No, You’re Not Above Reproach

No, You're Not Above Reproach

By Raymond Shipley

It seems to happen every other day. Whether at the grocery store or picking up the kids from school, someone takes the liberty of cutting in line while acting oblivious to both the line's existence and the individuals that made up the line. Such obviously rude behavior seems to be utterly lost on the perpetrator, or perhaps they are well aware and simply do not care. What gives?

Every individual is self-centered to a degree. We see the world through our own eyes, and empathy is a trait developed through experience and understanding. Empathy takes effort whereas egocentrism is innate. Children younger than 8 years old have been found to have a surprisingly difficult time attempting to cognitively take the perspective of another person. Swiss psychologist Jean Piaget observed this, and it is egocentrism, in fact, that makes a child easy to beat at a two-person perspective game, such as checkers. The child simply cannot imagine what the board looks like to their opponent, and as a result makes mistakes caused by their assumption both players are seeing the same thing.

Although adults eventually outgrow this stage of cognitive development, even they often find it difficult to take the perspective of another. Rare is the individual able to teach another how to do something that comes naturally to themselves. Likewise, another form of egocentrism found in adolescents and immature adults, is the "imaginary audience." Child psychologist David Elkind coined this term in reference to a person's tendency to envision how friends would react to their actions and thoughts. Today, with the advent of social media, mediums such as twitter and youtube are likely reinforcing this type of egocentrism. The idea that everyone is always watching us should resonate with most; however, as Ann Landers once remarked, "At age 20, we worry about what others think of us. At 40, we don't care what they think of us. At 60, we discover they haven't been thinking of us at all." 

One form of egocentrism observed quite frequently is that in which the egocentrism is committed by two or more people who have shared the same experiences, views or language. Often this form of egocentrism is intended as a slight to someone seen as an outsider, although it is also often simply because those involved do not think about the outsider's perspective.

Egocentrism can be easily identified and remedied; however, narcissism is a much more complex and problematic form. Not being able to see another's perspective is egocentrism, while seeing it and not caring is narcissism. Unfortunately, it is the enabling of egocentrism, such as acquiescence to the use of a foreign language in the presence of a guest or host who does not speak it, or line cutting that goes ignored, that often leads to entitled narcissism. This subgroup of narcissists become exploitative and manipulate others to get their way.

Once a person engages in the behavioral pattern of narcissism through reinforcement, their self-esteem becomes more dependent on having the spotlight. They tend to crave attention in dissension and cause needless strife everywhere they go. Insisting on special treatment, they treat outsiders as beneath them, and even friends and family become seen as gifted with their presence.

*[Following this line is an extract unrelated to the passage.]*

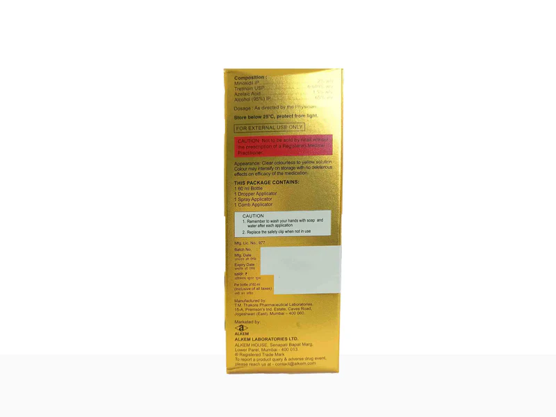 Minokem-N 2% Solution is a reliable treatment for hair loss and male pattern baldness. Enriched with Minoxidil, Azelaic Acid, and Tretinoin, it promotes hair regrowth by revitalizing weakened hair follicles. This easy-to-apply solution helps increase hair density and thickness, making it an effective choice for restoring fuller, healthier-looking hair and boosting confidence.

So, is it egocentrism or narcissism that causes these people to act so rude? In the end, it hardly matters. What does matter is that such behavior should not be tolerated and perpetuated to the next generations. The next time someone cuts in line, engages in argument for the sake of the spotlight or speaks in another language to exclude guest or host, speak up and let them know this is not to be tolerated. It is experience that breeds empathy, so it is perhaps time the egocentrics and narcissists experience they are not the center of the universe.